_WHAT THE TASK REQUIRES_
Which lines run from the line with "Figure 4. Profiles" through the line with "Фреза пазовая Ласточкин" in the entries below? Print them exactly, both ends included, and nothing more.

SUPPLIED INFORMATION below:

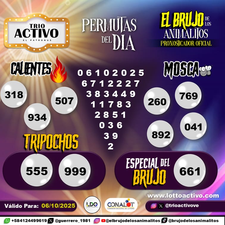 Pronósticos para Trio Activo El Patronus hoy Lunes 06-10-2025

End of SUPPLIED INFORMATION.
SUPPLIED INFORMATION below:

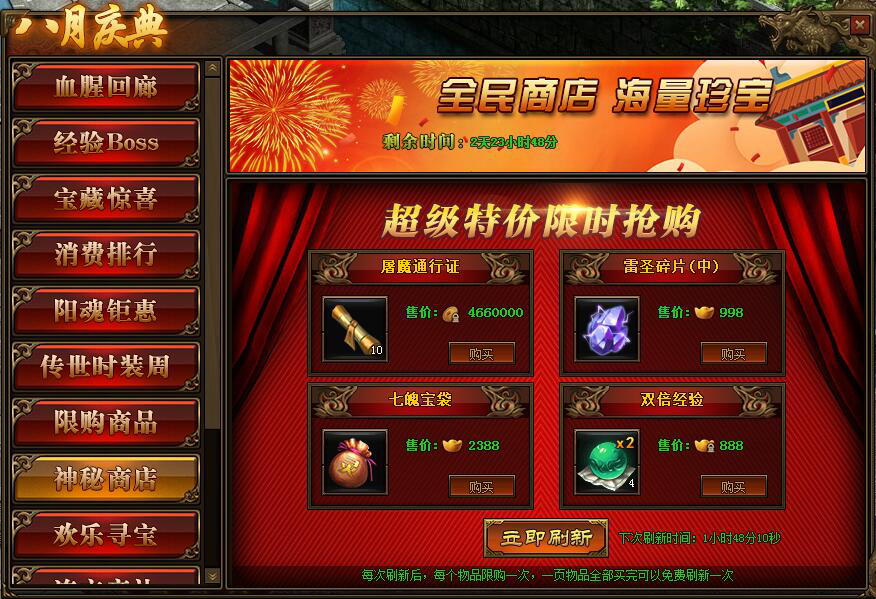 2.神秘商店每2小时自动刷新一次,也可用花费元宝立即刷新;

End of SUPPLIED INFORMATION.
SUPPLIED INFORMATION below:

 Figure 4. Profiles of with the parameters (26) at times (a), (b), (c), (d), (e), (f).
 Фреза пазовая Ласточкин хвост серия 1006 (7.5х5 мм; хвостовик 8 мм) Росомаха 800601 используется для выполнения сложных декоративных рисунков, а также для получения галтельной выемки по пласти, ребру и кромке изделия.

End of SUPPLIED INFORMATION.

_EXERCISE SOLUTION_
 Figure 4. Profiles of with the parameters (26) at times (a), (b), (c), (d), (e), (f).
 Фреза пазовая Ласточкин хвост серия 1006 (7.5х5 мм; хвостовик 8 мм) Росомаха 800601 используется для выполнения сложных декоративных рисунков, а также для получения галтельной выемки по пласти, ребру и кромке изделия.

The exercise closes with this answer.